What to produce - With pictures omitted, copy exactly every line from the one that contains "Four wireless acceleration" to the end of the listing below.

Provided material -
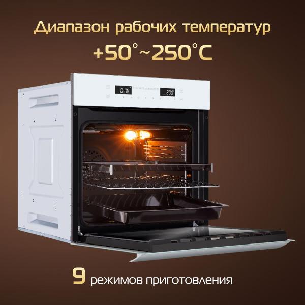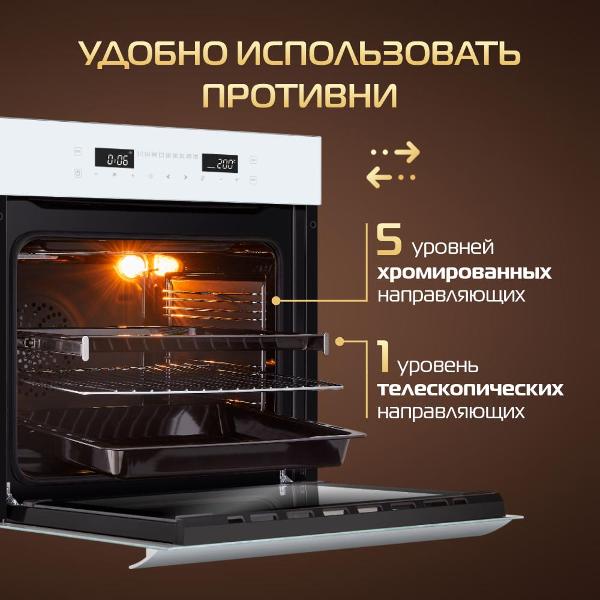 Электрический духовой шкаф Hiberg VM 6192 W предназначен для размораживания, выпечки и других функций. С помощью панели управления можно настроить температуру, время приготовления в соответствии с индивидуальными потребностями. Устройство оснащено цифровым дисплеем, на котором отображается информация о текущем режиме. За счет специального вентилятора обеспечивается равномерное распределение тепла. Для комфортной эксплуатации предусмотрена лампа накаливания, обеспечивающая качественное освещение внутри камеры, поэтому контролировать степень готовности блюда можно при закрытой дверце.
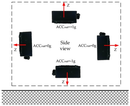 Four wireless acceleration sensors have been produced in this paper which should be calibrated first. Set the three directions of the acceleration sensor as X, Y, and Z, respectively. Place the developed sensor No. 1 horizontally, with the Z direction facing upward. Its value was 34,325, and at this time, its gravity acceleration was 1 g. Place the sensor vertically, with Z direction facing horizontally. Its value was 23,898 with under 0 g of gravitational acceleration. Place the sensor horizontally in the opposite direction, with the Z direction facing downwards. Its value was 13,610. The schematic diagram is shown in Figure 15.
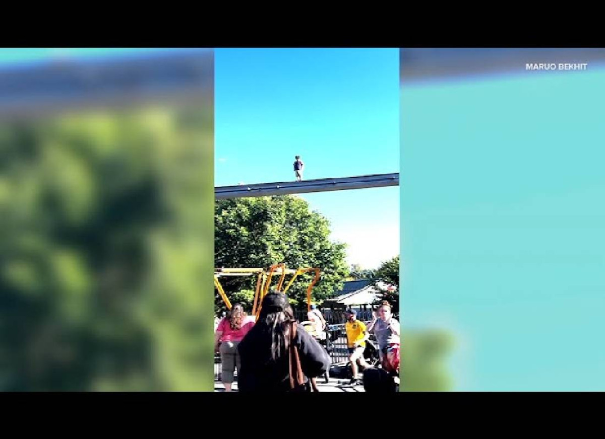 בסרטון ניתן לראות המונים מתאספים מתחת לפסים ומנסים להנחות אותו בבטחה. צעקות חרדה נשמעו ברקע: "הוא ייפול!" ו"מישהו חייב לעזור לו!".

Solution to the problem -
 Four wireless acceleration sensors have been produced in this paper which should be calibrated first. Set the three directions of the acceleration sensor as X, Y, and Z, respectively. Place the developed sensor No. 1 horizontally, with the Z direction facing upward. Its value was 34,325, and at this time, its gravity acceleration was 1 g. Place the sensor vertically, with Z direction facing horizontally. Its value was 23,898 with under 0 g of gravitational acceleration. Place the sensor horizontally in the opposite direction, with the Z direction facing downwards. Its value was 13,610. The schematic diagram is shown in Figure 15.
 בסרטון ניתן לראות המונים מתאספים מתחת לפסים ומנסים להנחות אותו בבטחה. צעקות חרדה נשמעו ברקע: "הוא ייפול!" ו"מישהו חייב לעזור לו!".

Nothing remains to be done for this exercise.